The average UK wage in 2021 was £26,193 a year, which puts the average Brit in the global top 4.4%, earning 11 times the global middle wage.
It might not feel like we’re wealthy, and very many of us aren’t, the Food Bank proves that, but all of us have got far more impact on some of the richest and most wasteful people and businesses in the world than any number of people in poorer countries.
All of us can be smart in how we use what money we have got and the time we can spare, and spend it if not with the businesses that are doing the most good in the world, then the ones that are doing the least harm. They’re businesses; they follow the money. Lead them where we need them to go with yours.
At the very least we can all vote and call for a responsible government that isn’t collapsing the bridge out from under our feet that we all need to cross to the safe side of the climate and nature crisis we’re in.
(Typical wages from Jobted. Average UK wage from StandOut CV. Tax calculations from UK Tax Calculators. Global wealth rankings from Giving What We Can.)
The targets for Stroud
The Tyndall Centre in Manchester develops sustainable answers to the problems of climate change. One of the things it does is to figure out where different places in Britain stand with the carbon they’re causing. In August 2021 they did Stroud.

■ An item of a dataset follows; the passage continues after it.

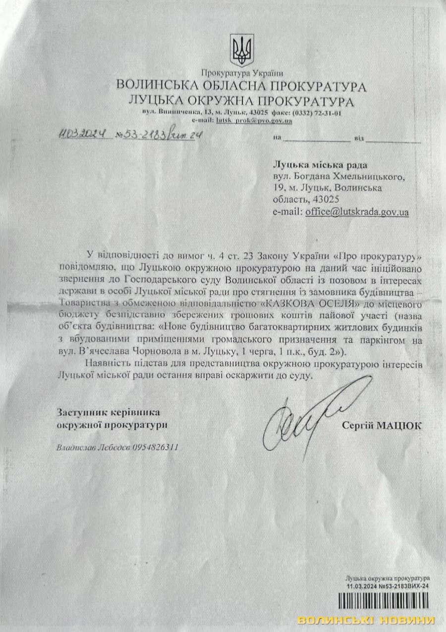 Луцька окружна прокуратура ініціювала звернення до Господарського суду Волинської області із позовом про стягнення із замовника будівництва ТОВ «Казкова оселя» до місцевого бюджету незаплачених коштів пайової участі, про що повідомила відповідним листом міську раду.

Basically, this is where we are:
On 2017 numbers, Stroud will have caused its fair share of all the carbon the world can afford to make by 2027.
Stroud needs to cut at least 13.6% of its carbon each year. (18.5% if you go on the strength of our local economy.)
We need to reach zero or near zero carbon no later than 2041. (The longer it takes to make cuts, the sooner that date gets.)
Our biggest target is flying and shipping, not just in personal travel, but because so much of the stuff we buy comes from so far away.
We need low-carbon, local electricity.
We need to use our landscape to take more carbon out of the air.